[Stored items]
========================
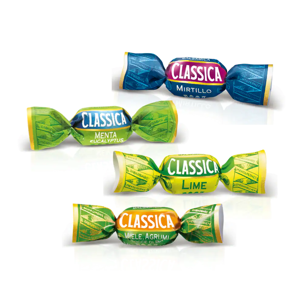 Nella confezione, un misto di 4 gusti di Caramelle Classiche Baratti al gusto Balsamico: Mirtillo, Lime, Menta Eucalyptus e Miele, Agrumi e Gocce di Pino.
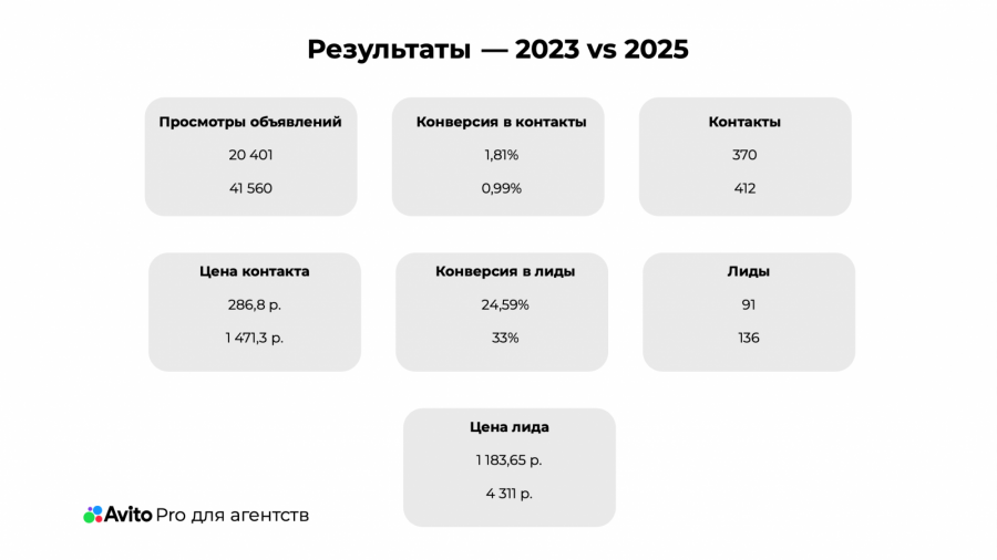 Несмотря на рост конкуренции и стоимости контактов в бизнес-нише клиента, в начале 2025 года SV-Digital удалось повысить все ключевые показатели в сравнении с 2023-м:
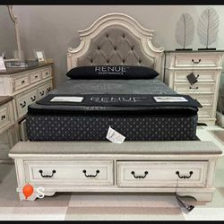 Whitewashed Realyn Modern Farmhouse Style Queen Upholstered Bed With Footboard Storage🤩 Brand New ✅$1,199Norfolk, VA
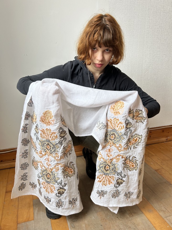 She started at GSA, studying Communication Design, in 2019 but “gradually shifted” towards Fine Art. During the pandemic, she returned to Kyiv for a year, coming back to Glasgow in 2022 after the full-scale invasion of Ukraine by Russia. The war in Ukraine further inspired her to research traditional Ukrainian crafts such as weaving and embroidery, which she now uses in her work.
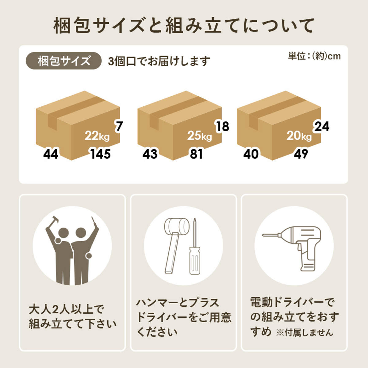 | お届け梱包数 | 3個口 |
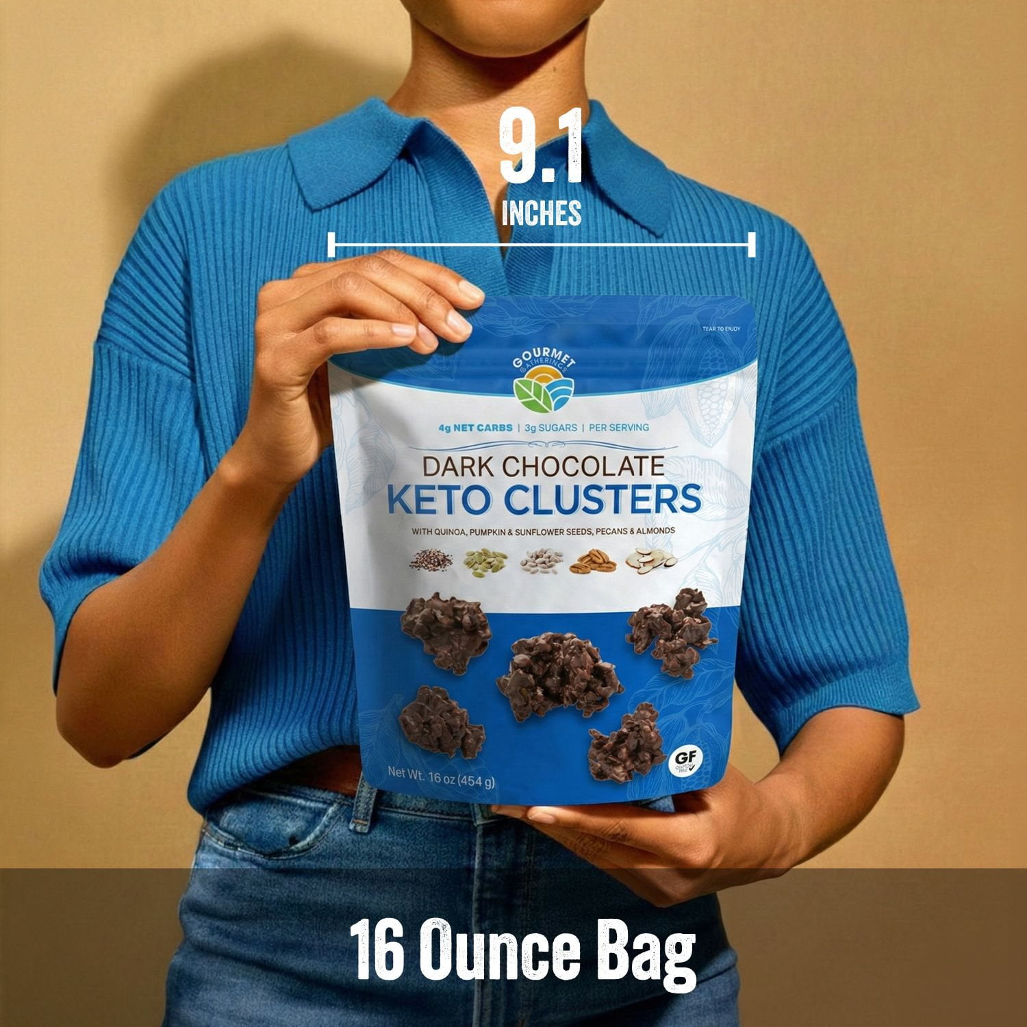 Every 16-ounce resealable package of Gourmet Gatherings Dark Chocolate Keto Clusters is packed with premium ingredients. Enjoy the crunch of pecans and almonds, mixed with super seeds like pumpkin, sunflower, and quinoa. Each cluster is enrobed with Belgian Couverture Dark Chocolate, adding a rich and luxurious touch to every bite.
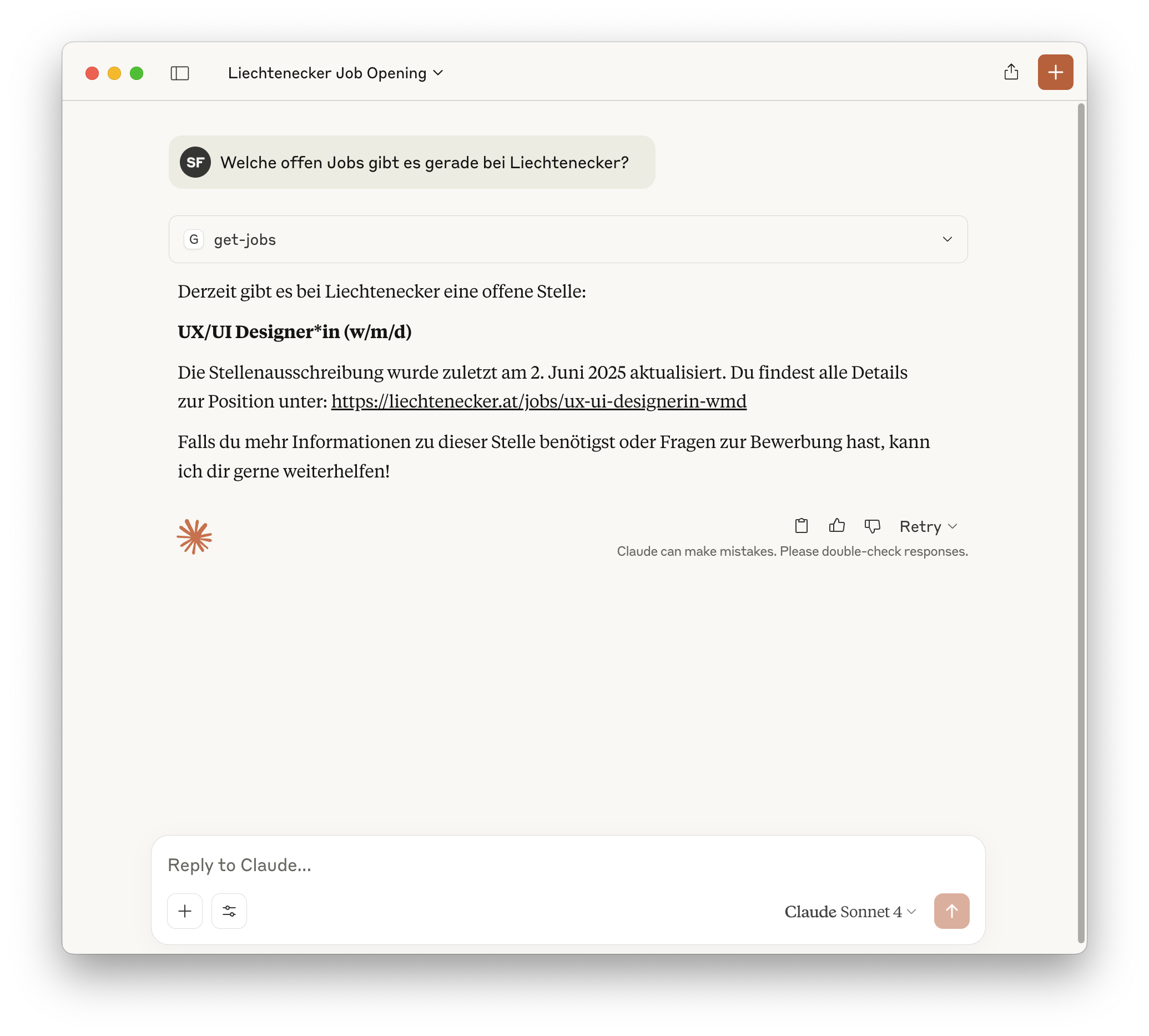 “Hey Claude, welche Jobangebote gibt es denn gerade bei Liechtenecker?”
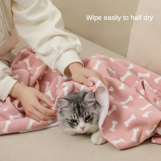 Pet bath towel large cat dog absorbent towel absorbent soft coral fleece
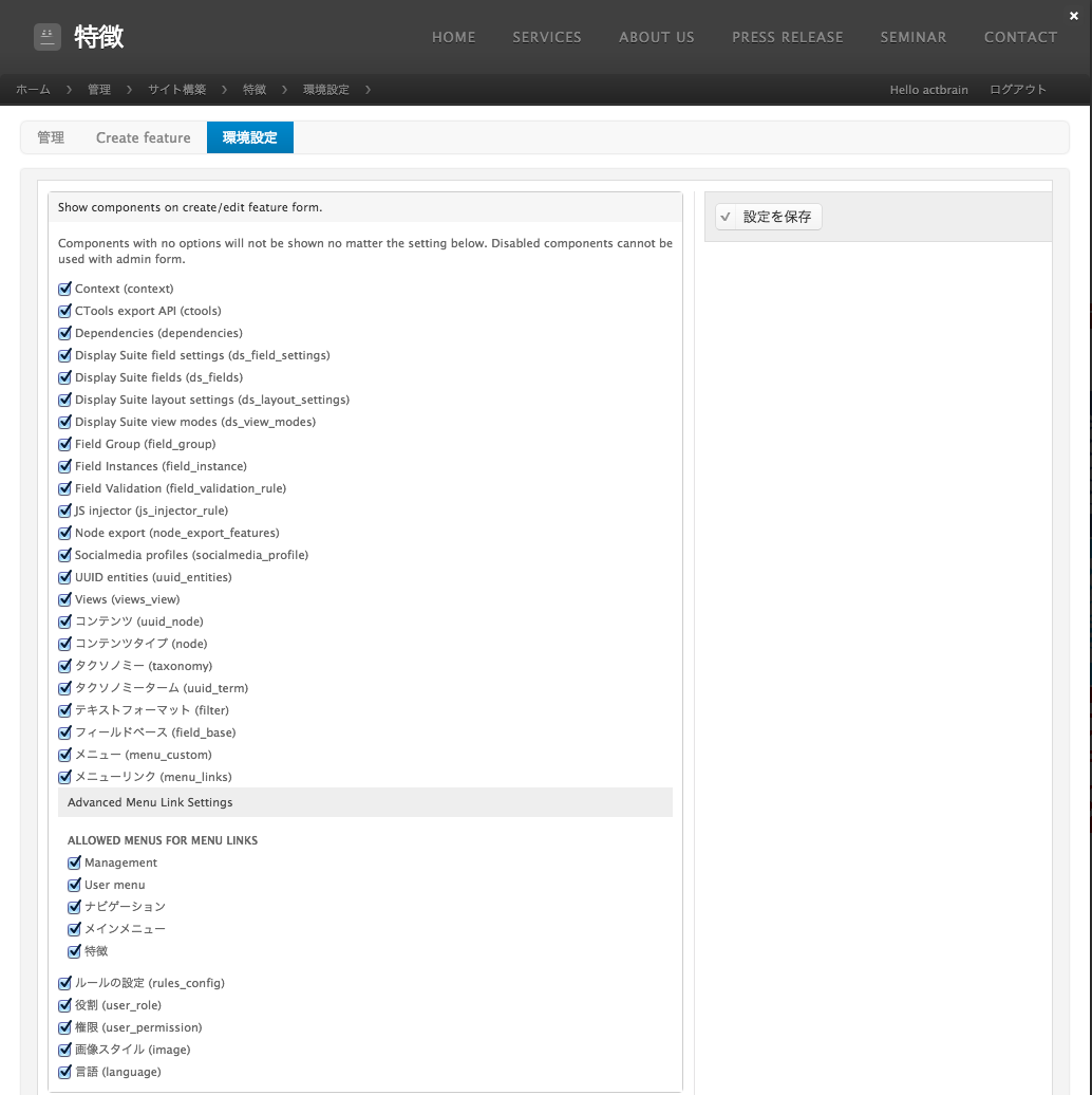 - Node Exportモジュールを有効にすることにより、開発用サイトで作成したノードを本番化する機能が追加されます。
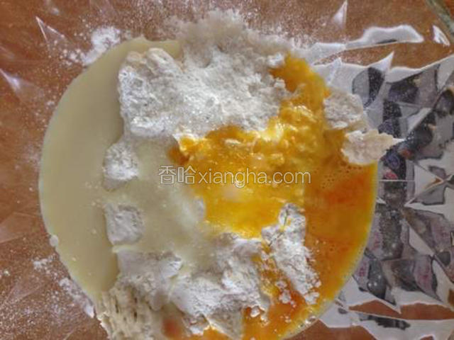 2.中种剪小块放入大碗,放入除黄油外所有的材料。混合。
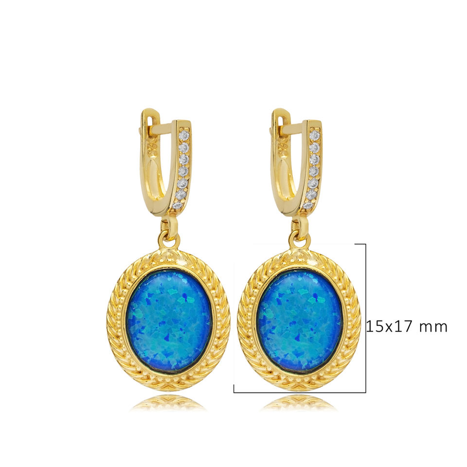 Forme ovale bleu opale charme balancent boucle d'oreille en gros turc fabriqué à la main 925 en argent Sterling bijoux fins pour les femmes
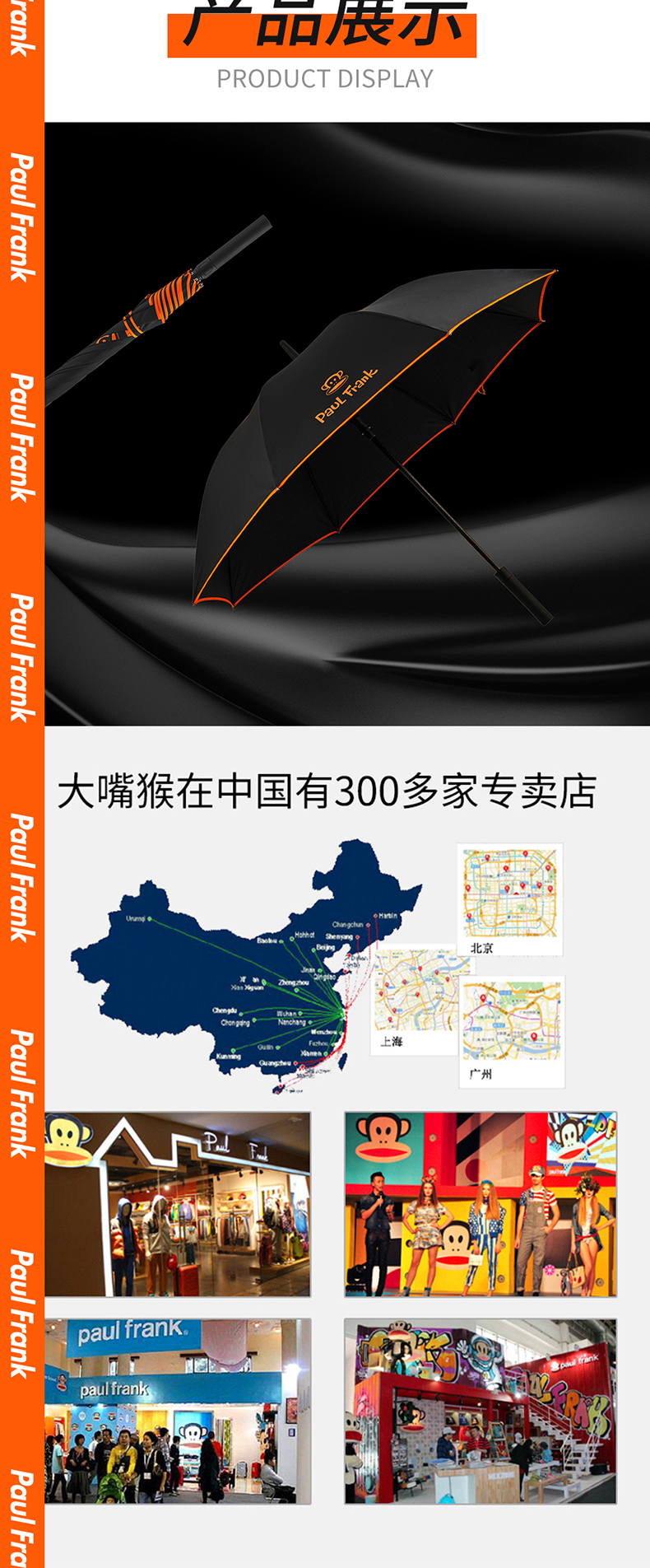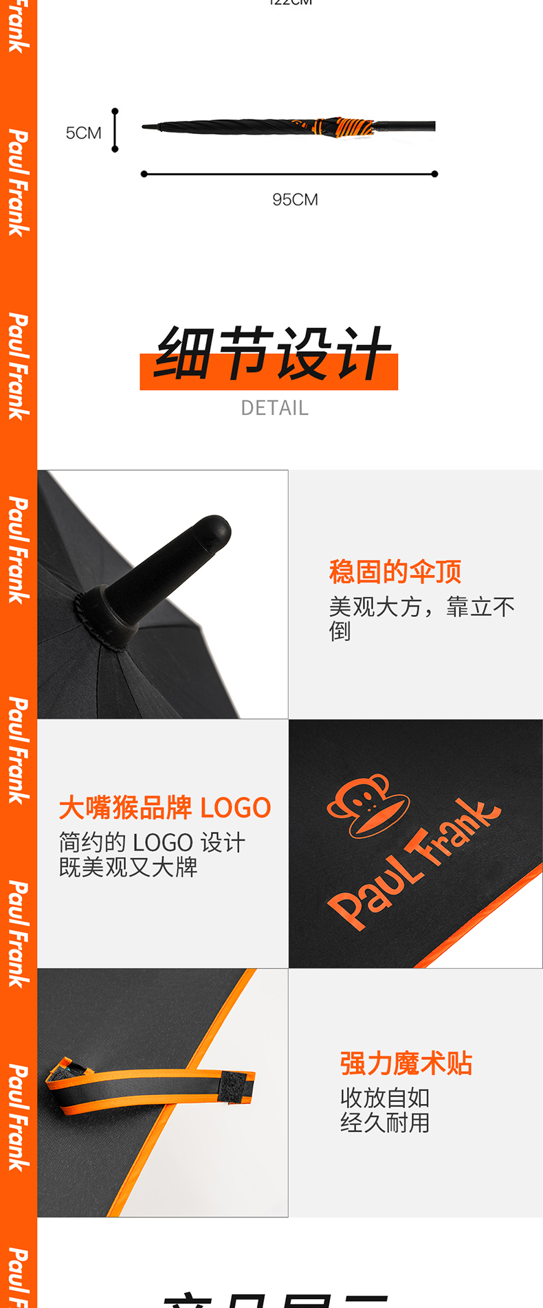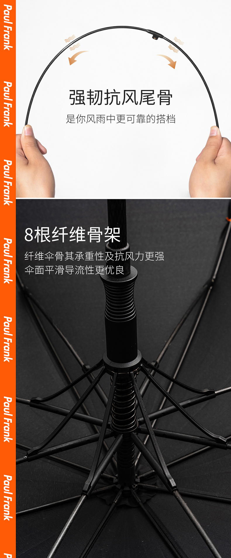 大嘴猴(Paul Frank) PFU079 95cm*8K 直柄伞 黑色(单位:把)
========================
What to do:
Transcribe each record exactly as it appears, but omit every picture.

Output:
 Nella confezione, un misto di 4 gusti di Caramelle Classiche Baratti al gusto Balsamico: Mirtillo, Lime, Menta Eucalyptus e Miele, Agrumi e Gocce di Pino.
 Несмотря на рост конкуренции и стоимости контактов в бизнес-нише клиента, в начале 2025 года SV-Digital удалось повысить все ключевые показатели в сравнении с 2023-м:
 Whitewashed Realyn Modern Farmhouse Style Queen Upholstered Bed With Footboard Storage🤩 Brand New ✅$1,199Norfolk, VA
 She started at GSA, studying Communication Design, in 2019 but “gradually shifted” towards Fine Art. During the pandemic, she returned to Kyiv for a year, coming back to Glasgow in 2022 after the full-scale invasion of Ukraine by Russia. The war in Ukraine further inspired her to research traditional Ukrainian crafts such as weaving and embroidery, which she now uses in her work.
 | お届け梱包数 | 3個口 |
 Every 16-ounce resealable package of Gourmet Gatherings Dark Chocolate Keto Clusters is packed with premium ingredients. Enjoy the crunch of pecans and almonds, mixed with super seeds like pumpkin, sunflower, and quinoa. Each cluster is enrobed with Belgian Couverture Dark Chocolate, adding a rich and luxurious touch to every bite.
 “Hey Claude, welche Jobangebote gibt es denn gerade bei Liechtenecker?”
 Pet bath towel large cat dog absorbent towel absorbent soft coral fleece
 - Node Exportモジュールを有効にすることにより、開発用サイトで作成したノードを本番化する機能が追加されます。
 2.中种剪小块放入大碗,放入除黄油外所有的材料。混合。
 Forme ovale bleu opale charme balancent boucle d'oreille en gros turc fabriqué à la main 925 en argent Sterling bijoux fins pour les femmes
 大嘴猴(Paul Frank) PFU079 95cm*8K 直柄伞 黑色(单位:把)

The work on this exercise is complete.